Modified Efficient Importance Sampling for partially non-Gaussian State Space Models [link] with Koopman, S.J.  and T.M. Nguyen  Journal article

Statistica Neerlandica

The construction of an importance density for partially non-Gaussian state space models is crucial when simulation methods are used for likelihood evaluation, signal extraction and forecasting. The method of efficient importance sampling is successful in this respect but we show that it can be implemented in a computationally more efficient manner using standard Kalman filter and smoothing methods. Efficient importance sampling is generally applicable for a wide range of models but it is typically a custom-built procedure. For the class of partially non-Gaussian state space models, we present a general method for efficient importance sampling. Our novel method makes the efficient importance sampling methodology more accessible because it does not require the computation of a (possibly) complicated density kernel that needs to be tracked for each time period. The new method is illustrated for a stochastic volatility model with a Student’s t-distribution.

Intraday Stochastic Volatility in Discrete Price Changes: the Dynamic Skellam Model [link] with Koopman, S.J.  and Lucas, A.  Journal article

Journal of the American Statistical Association (2017), 112, 1490-1503

We study intraday stochastic volatility for four liquid stocks traded on the New York Stock Exchange using a new dynamic Skellam model for high-frequency tick-by-tick discrete price changes. Since the likelihood function is analytically intractable, we rely on numerical methods for its evaluation. Given the high number of observations per series per day (1,000 to 10,000), we adopt computationally efficient methods including Monte Carlo integration. The intraday dynamics of volatility and the high number of trades without price impact require non-trivial adjustments to the basic dynamic Skellam model. In-sample residual diagnostics and goodness-of-fit statistics show that the final model provides a good fit to the data. An extensive day-to-day forecasting study of intraday volatility shows that the dynamic modified Skellam model provides accurate forecasts compared to alternative modeling approaches.

Model-Based Business Cycle and Financial Cycle Decomposition for Europe and the United States [link] with Koopman, S.J.  and Lucas, A.  Book chapter

Systemic Risk Tomography: Signals, Measurements and Transmission Channels, ISTE-Elsevier (2016)

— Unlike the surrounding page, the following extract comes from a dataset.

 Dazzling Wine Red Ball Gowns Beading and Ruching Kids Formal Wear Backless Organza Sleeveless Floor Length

We develop a multivariate unobserved components model to extract business cycle and financial cycle indicators from a panel of economic and financial time series of four large developed economies. Our model is flexible and allows for the inclusion of cycle components in different selections of economic variables with different scales and with possible phase shifts. We find clear evidence of the presence of a financial cycle with a length that is approximately twice the length of a regular business cycle. Moreover, cyclical movements in credit related variables largely depend on the financial cycle, and only marginally on the business cycle. Property prices appear to have their own idiosyncratic dynamics and do not substantially load on business or financial cycle components. Systemic surveillance policies should therefore account for the different dynamic components in typical macro financial variables.

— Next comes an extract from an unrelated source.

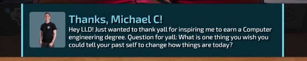 Hey LLD! Just wanted to thank yall for inspiring me to earn a Computer engineering degree. Question for yall: What is one thing you wish you could tell your past self to change how things are today?

A dynamic bivariate Poisson model for analysing and forecasting match results in the English Premier League [link] , with Koopman, S.J.  Journal article

Journal of the Royal Statistical Society, Series A (2015), 178(1), 167-186

We develop a statistical model for the analysis and forecasting of football match results which assumes a bivariate Poisson distribution with intensity coefficients that change stochastically over time. The dynamic model is a novelty in the statistical time series analysis of match results in team sports. Our treatment is based on state space and importance sampling methods which are computationally efficient. The out-of-sample performance of our methodology is verified in a betting strategy that is applied to the match outcomes from the 2010–2011 and 2011–2012 seasons of the English football Premier League.